IF_MOD(true, s(z0), s(z1)) → c8(MOD(minus(z0, z1), s(z1)), MINUS(s(z0), s(z1)))
We considered the (Usable) Rules:
minus(z0, 0) → z0
minus(s(z0), s(z1)) → minus(z0, z1)
le(0, z0) → true
le(s(z0), 0) → false
le(s(z0), s(z1)) → le(z0, z1)
And the Tuples:
LE(s(z0), s(z1)) → c2(LE(z0, z1))
MINUS(s(z0), s(z1)) → c4(MINUS(z0, z1))
MOD(s(s(z1)), s(s(z0))) → c7(IF_MOD(le(z0, z1), s(s(z1)), s(s(z0))), LE(s(z0), s(z1)))
MOD(s(z0), s(0)) → c7(IF_MOD(true, s(z0), s(0)))
IF_MOD(true, s(z0), s(z1)) → c8(MOD(minus(z0, z1), s(z1)), MINUS(s(z0), s(z1)))

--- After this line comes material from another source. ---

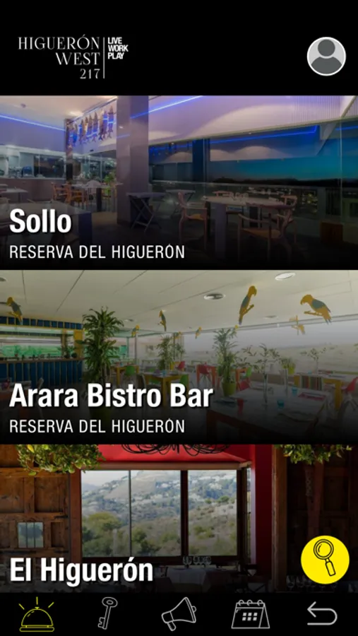 - Concierge: donde se muestran todos los establecimientos y permite realizar reservas directamente desde su app y recibir confirmaciónes y modificaciones sobre la misma en tiempo real.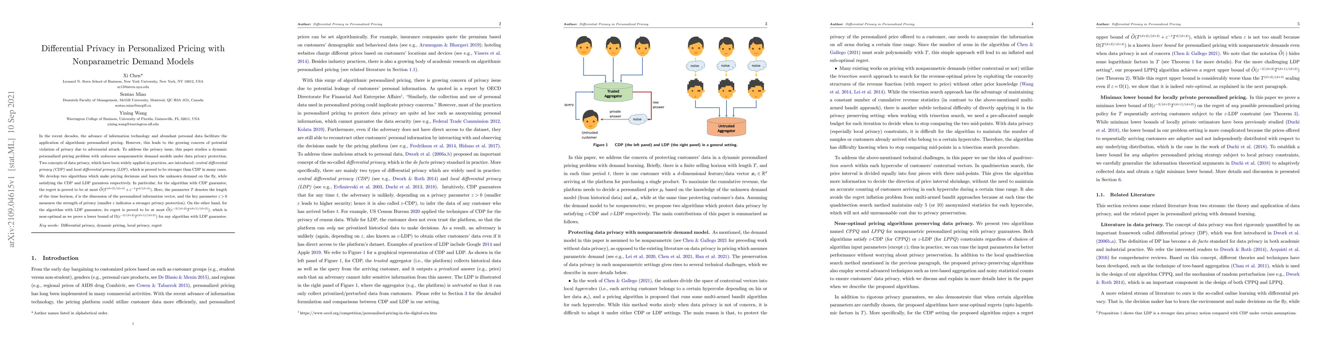 This paper explores dynamic personalized pricing under unknown nonparametric demand models while ensuring data privacy through central and local differential privacy. It develops two algorithms that satisfy either central or local differential privacy, achieving regret bounds that depend on the time horizon length, dimensionality of personalized information, and privacy strength parameter.

The order we found is given by the following interpretation:
Polynomial interpretation :
POL(0) = [1]
POL(IF_MOD(x1, x2, x3)) = [2]x2 + [4]x3
POL(LE(x1, x2)) = 0
POL(MINUS(x1, x2)) = [3]
POL(MOD(x1, x2)) = [4] + [2]x1 + [4]x2
POL(c2(x1)) = x1
POL(c4(x1)) = x1
POL(c7(x1)) = x1
POL(c7(x1, x2)) = x1 + x2
POL(c8(x1, x2)) = x1 + x2
POL(false) = 0
POL(le(x1, x2)) = [3] + [4]x1 + [2]x2
POL(minus(x1, x2)) = x1
POL(s(x1)) = [4] + x1
POL(true) = 0
(14) Obligation:
Complexity Dependency Tuples Problem
Rules:
le(0, z0) → true
le(s(z0), 0) → false
le(s(z0), s(z1)) → le(z0, z1)
minus(z0, 0) → z0
minus(s(z0), s(z1)) → minus(z0, z1)
mod(0, z0) → 0
mod(s(z0), 0) → 0
mod(s(z0), s(z1)) → if_mod(le(z1, z0), s(z0), s(z1))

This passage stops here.